Additional findings from the study include:

  • High growth in a few economic powerhouses buoys national numbers while obscuring stagnant or declining economic activity in other parts of the country. The average distressed zip code lost 6% of its jobs from 2011 to 2015, and the number of business establishments decreased by 6.3%.  Economic expansion was widespread in prosperous ZIP codes, by contrast, with 88% experiencing job growth from 2011 to 2015 and 85% registering establishment increases.
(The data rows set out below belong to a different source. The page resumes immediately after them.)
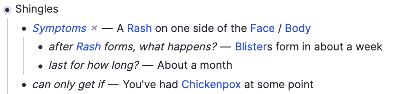 在 RemNote 中,你可以为每个症状创建 Rem 引用。然后,你以后将能够找到诸如“我知道的所有具有这种症状的疾病是什么?”这类问题的答案。此外,你可以链接和串联知识。例如,你可以确保带状疱疹与水痘相关联(如果你想理解带状疱疹,这在心智上需要如此)。在 RemNote 中,你所有的知识都像在你大脑中一样,在一个知识库中相互关联。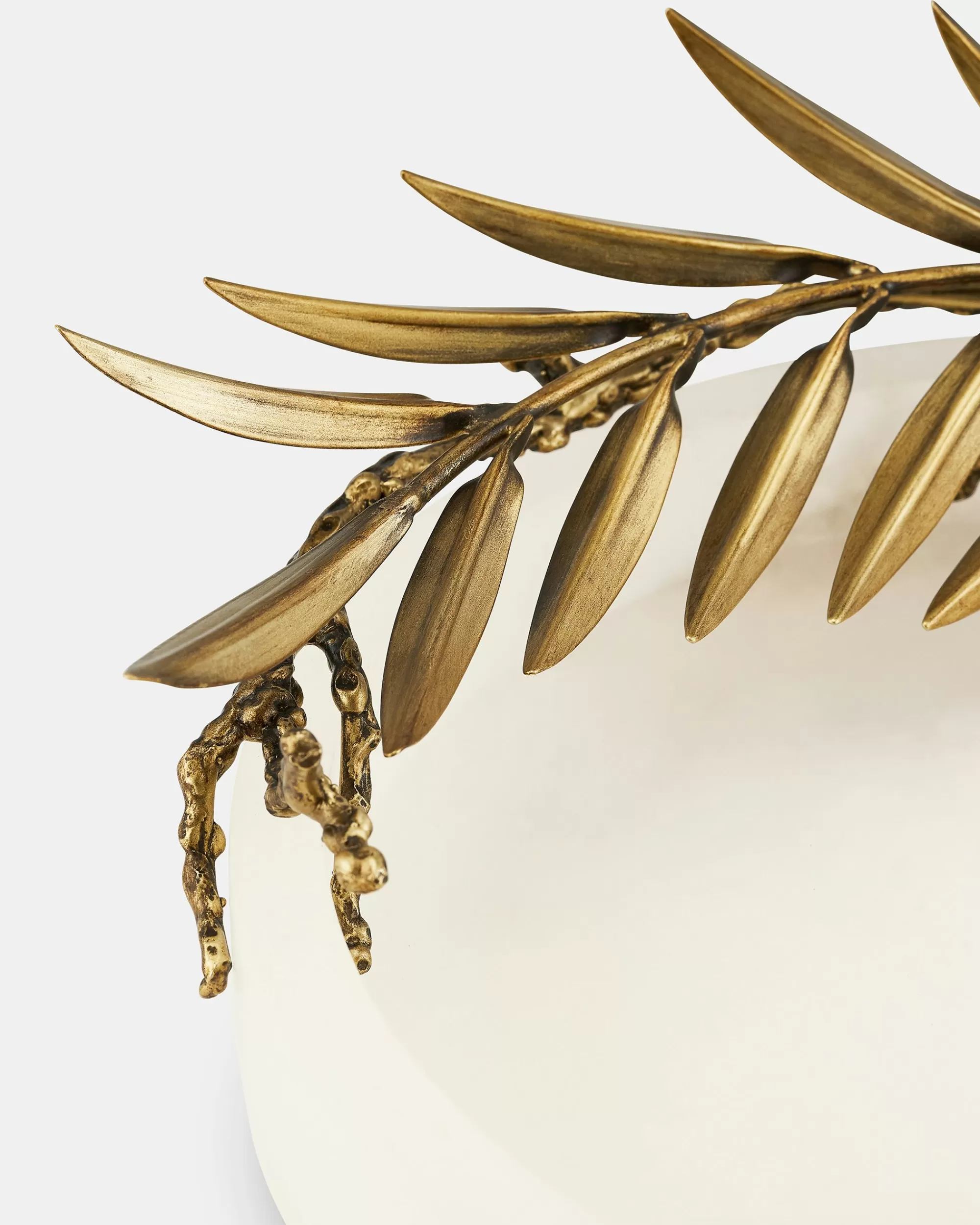 Our Palm Vide Poche is a striking style for your entryway or bedroom. Crafted from smooth alabaster, the design is highlighted with a gleaming palm leaf. Let it hold loose change, jewelry or any other small object.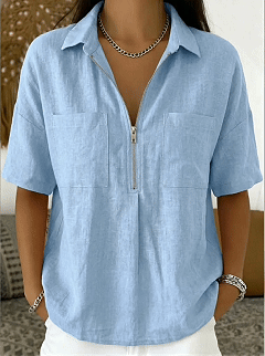 Featuring a modern half-zip neckline and breathable cotton-linen fabric, this top delivers an effortlessly chic look that works perfectly for casual days, travel, and weekend outings.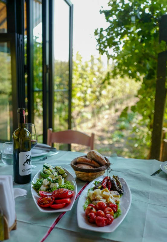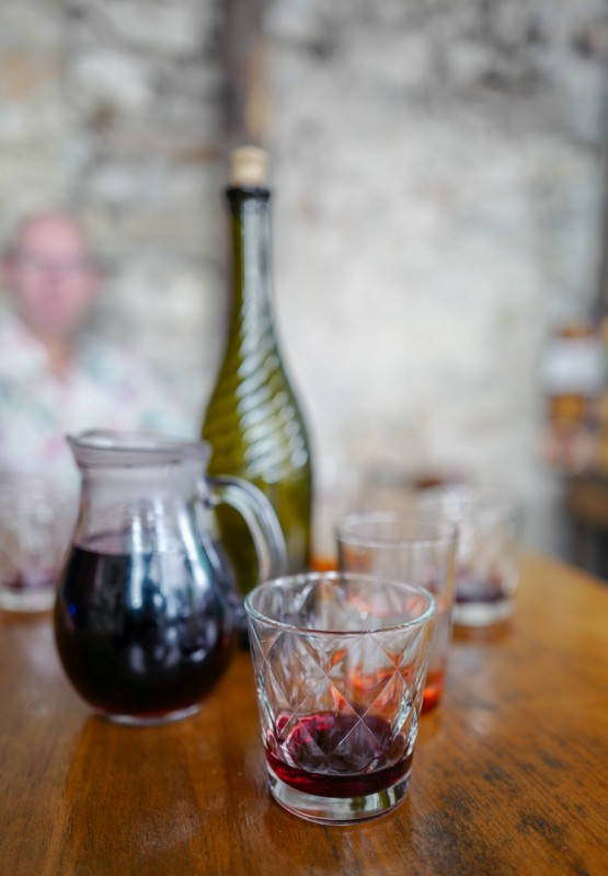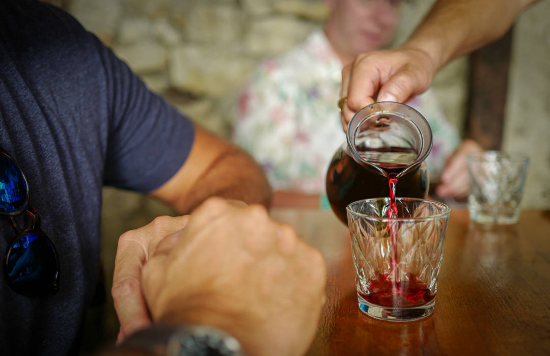 De serverer ikke øl, cola eller pommes frites, forteller Lili. Her er det kun nærproduserte ting som havner på bordet, som Babas (bestefar) rødvin, som er overraskende god. Vi får en halv karafel om gangen. – Den må være avkjølt i denne varmen, sier Lili.

  • Disparities in educational attainment are closely linked to the diverging fates of communities. Nearly a quarter of Americans living in distressed communities have not completed high school, and more than one-third have no education beyond a high school diploma or equivalent. In fact, advanced degree holders – those with master’s or doctorate degrees – are more prevalent in prosperous communities than college graduates are in distressed ones.
  • The DCI reveals massive disparities in physical well-being that parallel those in economic well-being. From complications with pregnancy to nutritional deficiencies, cancers, substance abuse, and self-harm, life-threatening disorders are more prevalent in distressed corners of the country. Compared to prosperous counties, cancer deaths are 27% higher and neonatal mortality 86% higher in distressed counties.  Mortality rates from mental and substance abuse disorders are 64% higher, and deaths from self-harm and interpersonal violence are 52% higher in distressed counties.
  • The federal safety net supports struggling places as well as struggling people. Distressed ZIP codes are home to over 30 million fewer people than prosperous zip codes overall, but they contain three times as many people receiving SNAP (food stamps) and other cash public assistance benefits. Twice as much Medicaid spending per capita flows to distressed counties as to prosperous ones.
  • Race and ethnicity remain strong predictors of one’s economic well-being in the United States. Asians and whites are more likely to live in prosperous ZIP codes than any other type, while blacks and Native Americans are most likely to live in distressed ones. ZIP codes in which minority groups constitute a majority of the population are two times more likely to be distressed than the average ZIP code.
  • Economically distressed communities are a bipartisan challenge. Democrats and Republicans each represent millions of Americans living in distressed ZIP codes at all levels of government. In the U.S. House of Representatives, Republicans disproportionately represent the nation’s most prosperous congressional districts. Republicans represent 63% of the country’s prosperous districts compared to Democrats’ 37%.